Notas iniciais
bom...isso deveria ser dividido em mais 2 partes XD mas achei melhor ja postar todo de uma vez =3 ~ aki vai,a ultima parte o/

– Moriarty? O que ele tem haver com isso?! – perguntou John confuso.

– Conte a ele irmãozinho! – falou Tomás, visivelmente se divertindo com a situação.

– Lembra que eu disse que Jim Moriarty tinha uma identidade falsa? – falou Sherlock enquanto observava cada passo e cada reação que o irmão esboçava.

– Lembro, por que?! – confirmou o médico.

– Eu me enganei, Richard Brooke não era a identidade falsa de Moriarty, Moriarty era um personagem vivido por Richard Brooke!

– O que?! – exclamou John surpreso – O que?

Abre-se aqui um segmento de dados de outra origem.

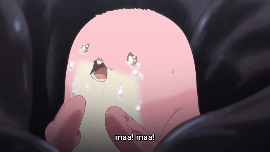 So that gives us the conclusion to this episode. Like last time, this covers more of Volume 6 of the manga, with a hint of Volume 8 in the last minute of the episode. Can we all pour one out for Ma who just wanted to play with Meinya and ended up watching all their prized possessions destroyed before being shredded to bits. The village of hollows don’t fuck around. Where the first two episodes were fairly tame, this episode really started upping the weirdness that I’ve come to know from this manga. At some point the manga went from a curious and cool idea to a challenge of how weird can it get before people lose interest. I think that’s the reason I’m still reading this manga. It’s so incredibly bizarre and I’m pretty sure the author has some issues with the way he likes to portray little children but at the same time it’s also such a compelling story that I can’t look away. And the show’s popularity makes me think I’m not the only one. Enough rambling from me though, I’m already looking forward to next week’s episode. And as always, thanks for reading.

Como?

Tomás riu da reação de John.

– Moriarty não existe, nunca existiu! – continuou Sherlock, sem tirar os olhos de Tomás.

John estava tão confuso que não conseguia nem falar.

– Te peguei direitinho, não?! – falou Tomás sorrindo – Você nunca notou? Mesmo?! Admito que Richard era um ator excepcional, mas ainda assim você deveria ter desconfiado! O Grande Sherlock Holmes!

– Por que não se apresentou diretamente? – perguntou Sherlock sério.

– Eu quis fazer uma brincadeirinha, ver se você desconfiava! Me enganei! – complementou fingindo um falso desapontamento. – Aparentemente também não sou tão burro quanto você e Mycroft julgavam!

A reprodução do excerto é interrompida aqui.